С. Д. Довлатов


С. Д. Довлатов

Сергей Довлатов (1941-1990) сам превратил свою биографию в литературное произведение. Читатель Довлатова знает о его жизни гораздо больше, чем может рассказать самый осведомленный биограф. Семья (цикл «Наши»), учеба в университете, исключение, служба во внутренних войсках (книга «Зона»), первые литературные опыты, литературный андеграунд, группа «Горожане», ленинградская литературная среда конца 1960-х годов, общение с Бродским («Невидимая книга»), работа журналистом в Эстонии (цикл «Компромисс»), редактором в детском журнале «Костер», публикация неудачной (официозной) повести-очерка в журнале «Юность», запрет на

Публикацию сборника его рассказов, бесконечные отказы из советских издательств и журналов, работа экскурсоводом в Пушкинском заповеднике (повесть «Заповедник»), эмиграция («Филиал», «Иностранка»), краткая, но бурная история жизни и гибели газеты «Новый американец», редактируемой Довлатовым («Невидимая газета»); литературный успех в США, публикации в журнале «Нью-Йоркер» (где до Довлатова из русских писателей печатался только Набоков) — все эти сюжеты, иной раз с многочисленными вариациями, описаны самим Довлатовым. Разве что ранняя смерть и феноменальная популярность в постсоветской России (его трехтомник был переиздан трижды в течение двух лет, общим тиражом в 150 тыс. экземпляров) — остались за пределами довлатовской прозы. Довлатов неуклонно претворяет автобиографический материал в метафоры, а точнее, в анекдотические притчи. О чем? Две взаимосвязанные темы занимают его на протяжении всего творчества: взаимоотношения литературы и реальности, с одной стороны, абсурда и нормы — с другой. Нетрудно увидеть в этих темах связь с важнейшими художественно-философскими сюжетами постмодернизма, вырастающими вокруг проблемы симуляции и симулякров, с одной стороны, и диалога с хаосом — с другой.

Уже в ранней книге «Зона», повествующей о службе автора (в книге лирический герой носит имя Борис Алиханов) в лагерной охране, Довлатов сопровождает лагерные рассказы комментирующими письмами к издателю, Игорю Ефимову. Лагерный мир в этих комментариях помещен в достаточно широкий литературный контекст. В сущности, принципиальная несовместимость литературного — а шире: культурного, рационального, сознательного — опыта с реальностью и рождает у Довлатова ощущение абсурда как нормы жизни. Если у Шалимова и Солженицына зона — это прежде всего пространство-время насилия, то для Довлатова зона — это прежде всего наиболее наглядно-зримая реализация абсурда как универсального принципа бытия. Именно абсурдность формирует особое, довлатовское, единство мира зоны и единство зонвд с миром. Так, по Довлатову, никакой существенной разницы между охранниками, вообще «вольными» и заключенными не существует.

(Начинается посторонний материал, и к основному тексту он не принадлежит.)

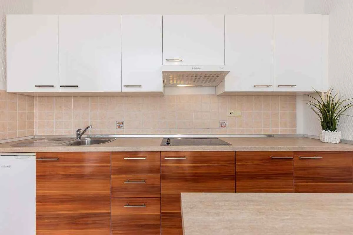 Der Eingang in Ihre Ferienwohnung befindet sich in der 2. Etage und führt über eine Innentreppe direkt in den Flur. Wohn/Schlafzimmer mit 1 Zusatzbett auf Couch/Sofa, TV, Essecke und Zugang zur Terrasse (10 qm, überdacht, Gartenmöbel). Schlafzimmer mit 1 Doppelbett. Kochecke im Wohn/Schlafzimmer mit Elektroherd (Cerankochfeld, 4 Platten), Dunstabzugshaube, Kühlschrank, Mikrowelle, Kaffeemaschine und elektrischem Wasserkocher. Bad mit Waschmaschine, Dusche, 1 Waschbecken, WC, Bidet und Fenster.

Парадоксальная эпичность, вырастающая на почве абсурда, становится отличительной чертой довлатовского стиля. Но как абсурд может стать материалом для эпоса, если эпос предполагает масштабные связи, соединяющие человека с мирозданием, а абсурд как раз характеризует отсутствие каких бы то ни было связей — полную бессвязность? Эпос созидает, а абсурд распыляет. Эпос центростремителен, абсурд — центробежен. Эпос тяготеет к монументальности, абсурд — к фрагментарности и минимализму. Оригинальность довлатовской поэтики объясняется именно тем, что она строится на этом оксюморонном сочетании абсурдности и эпичности. Довлатовские повторения, быть может, самое характерное воплощение этого странного синтеза. Кроме того, абсурд у Довлатова обладает особой «скрытой теплотой», обнаруживающей (или подтверждающей) человеческое родство.

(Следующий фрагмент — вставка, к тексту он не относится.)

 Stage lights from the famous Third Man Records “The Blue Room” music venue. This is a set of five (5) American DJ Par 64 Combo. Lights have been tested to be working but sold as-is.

Абсурд у Довлатова приобретает черты постмодернистского компромисса между несовместимо полярными состояниями и понятиями. Абсурд одновременно оказывается уникальным и универсальным, он примиряет повторяемость и неповторимость. Благодаря абсурду эпический мир Довлатова наполняется лирическим смыслом, и наоборот: все лирическое предстает в виде эпического предания,

Довлатовский абсурд не делает мир постижимым, он делает мир понятным. И это, пожалуй, самый удивительный парадокс довлатовской поэтики.